__Data for this task__
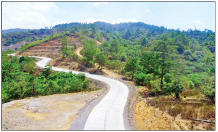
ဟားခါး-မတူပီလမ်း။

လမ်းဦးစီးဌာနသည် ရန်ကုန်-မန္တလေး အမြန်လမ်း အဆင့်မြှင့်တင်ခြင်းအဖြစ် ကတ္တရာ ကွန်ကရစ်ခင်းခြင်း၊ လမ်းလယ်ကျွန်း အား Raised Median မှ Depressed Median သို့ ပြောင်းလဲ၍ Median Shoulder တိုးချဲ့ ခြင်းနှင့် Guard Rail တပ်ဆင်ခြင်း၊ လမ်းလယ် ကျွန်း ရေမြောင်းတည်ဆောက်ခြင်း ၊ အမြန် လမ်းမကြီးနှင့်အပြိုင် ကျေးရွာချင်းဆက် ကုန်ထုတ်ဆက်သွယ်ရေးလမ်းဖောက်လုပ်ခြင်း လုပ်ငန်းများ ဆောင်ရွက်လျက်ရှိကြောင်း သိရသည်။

--

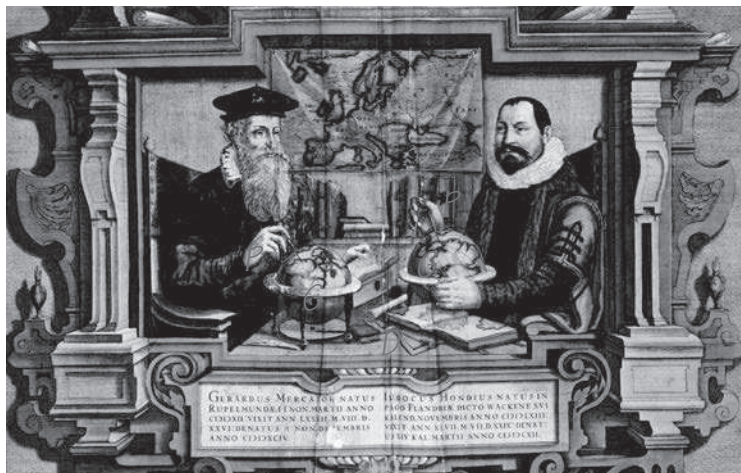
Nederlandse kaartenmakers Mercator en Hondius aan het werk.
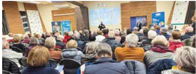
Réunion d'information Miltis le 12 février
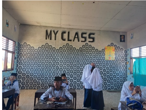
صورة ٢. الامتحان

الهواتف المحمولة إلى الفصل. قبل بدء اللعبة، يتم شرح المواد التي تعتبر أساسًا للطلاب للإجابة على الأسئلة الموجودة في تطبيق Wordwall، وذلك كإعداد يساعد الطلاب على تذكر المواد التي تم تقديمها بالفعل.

__What to do__
Going by the data above, the answer is exactly the lines from the one holding "Réunion d'information Miltis le 12 février" to the one holding "الهواتف المحمولة إلى", both kept, with the pictures left out.

__Response to the exercise__
Réunion d'information Miltis le 12 février
صورة ٢. الامتحان

الهواتف المحمولة إلى الفصل. قبل بدء اللعبة، يتم شرح المواد التي تعتبر أساسًا للطلاب للإجابة على الأسئلة الموجودة في تطبيق Wordwall، وذلك كإعداد يساعد الطلاب على تذكر المواد التي تم تقديمها بالفعل.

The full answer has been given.